Video Captioning with Listwise Supervision

Authors: Yuan Liu, Xue Li, Zhongchao Shi

AAAI 2017 | Conference PDF | Archive PDF | Plain Text | LLM Run Details

Reproducibility Variable Result LLM Response
Research Type Experimental The experiments on MSVD dataset show that our proposed LSTM-LS produces better performance than the state of the art in generating natural sentences: 51.1% and 32.6% in terms of BLEU@4 and METEOR, respectively. Superior performances are also reported on the movie description M-VAD dataset.
Researcher Affiliation Industry Yuan Liu, Xue Li, Zhongchao Shi Ricoh Software Research Center (Beijing) Co., Ltd., Beijing, China Ricoh Company, Ltd., Yokohama, Japan yuanliu.ustc@gmail.com, Setsu.Ri@nts.ricoh.co.jp, Zhongchao.Shi@srcb.ricoh.com
Pseudocode No The paper describes the model's equations and procedures but does not include any explicitly labeled 'Pseudocode' or 'Algorithm' blocks.

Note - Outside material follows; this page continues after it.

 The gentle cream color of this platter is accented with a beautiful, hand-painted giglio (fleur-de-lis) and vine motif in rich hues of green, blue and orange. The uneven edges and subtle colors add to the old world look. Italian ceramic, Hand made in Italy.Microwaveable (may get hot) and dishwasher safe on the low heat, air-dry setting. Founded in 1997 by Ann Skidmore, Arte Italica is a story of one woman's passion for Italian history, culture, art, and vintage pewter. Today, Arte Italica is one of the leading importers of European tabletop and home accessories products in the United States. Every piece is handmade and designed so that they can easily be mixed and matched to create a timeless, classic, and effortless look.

Open Source Code No The paper does not provide any explicit statements about open-sourcing the code or links to a code repository.
Open Datasets Yes We evaluate and compare our proposed LSTM-LS with state-of-the-art approaches by conducting video captioning on two benchmarks, i.e., Microsoft Research Video Description Corpus (MSVD) (Chen and Dolan 2011) and Montreal Video Annotation Dataset (M-VAD) (Torabi et al. 2015).

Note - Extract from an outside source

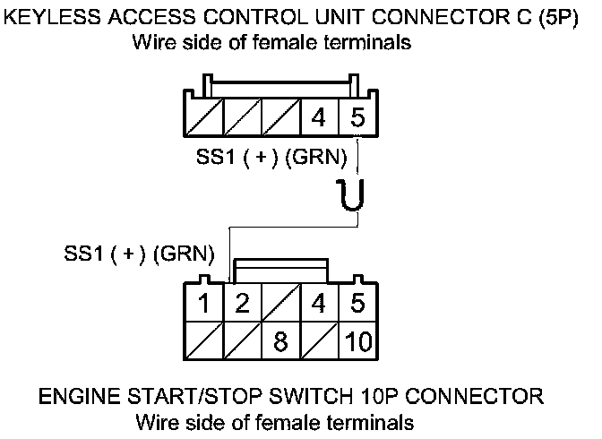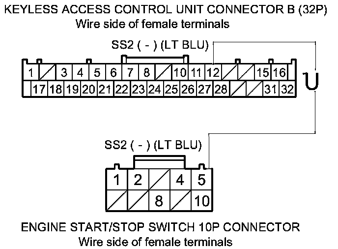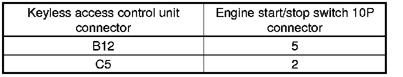 45. Check for continuity between keyless access control unit connectors B (32P) and C (5P) terminals and engine start/stop switch 10P connector terminals as shown.

Dataset Splits Yes In our experiments, we follow the setting used in prior works (Guadarrama et al. 2013; Pan et al. 2016a), taking 1,200 videos for training, 100 for validation and 670 for testing.

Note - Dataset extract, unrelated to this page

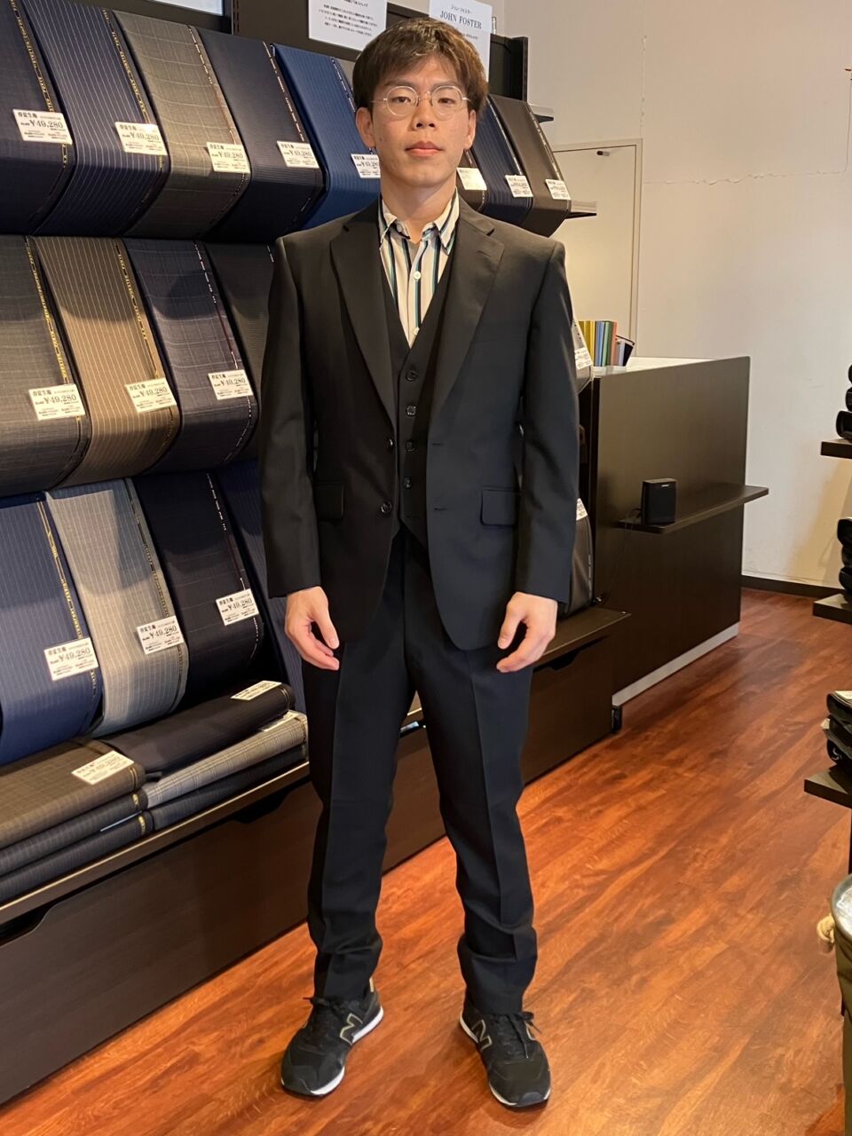 万能な無地ブラックでストレッチ素材を生かしたスタイリッシュな1着 T.K 様/20代/男性 オーダースーツSADA 福島郡山店 投稿日 2023年7月8日 最終更新日 2023年7月8日 この記事の内容は、2023年7月8日当時のものです。 公開から2年以上経過しています。(890日) 皆様こんにちは、SADA郡山店です! 本日はお客様の素敵なスーツをご紹介します。 スリーピース 生地素材 ウール100%+ストレッチ 無地ブラック 春夏生地 7-3541 裏地 SU733 ネイビー・馬車ストライプ ボタン ブラック オプションその他 PP加工 シック加工 担当スタイリスト 三輪

Hardware Specification No The paper does not provide specific hardware details (e.g., GPU/CPU models, memory) used for running its experiments.
Software Dependencies No The paper mentions models and architectures like VGG and C3D but does not specify software dependencies (e.g., libraries, frameworks) with version numbers.
Experiment Setup Yes In the experiment, we compare our LSTMLS approach with one 2-D CNN of 19-layer VGG (Simonyan and Zisserman 2015) network pre-trained on Imagenet ILSVRC12 dataset (Russakovsky et al. 2015), and one 3-D CNN of C3D (Tran et al. 2015) pre-trained on Sports1M video dataset (Karpathy et al. 2014). Specifically, we take the output of 4096-way fc6 layer from the 19-layer VGG and 4096-way fc6 layer from C3D as the frame and clip representation, respectively. The size of hidden layer in LSTM is set to 1,024. The number of nearest sentences K is empirically set to 4.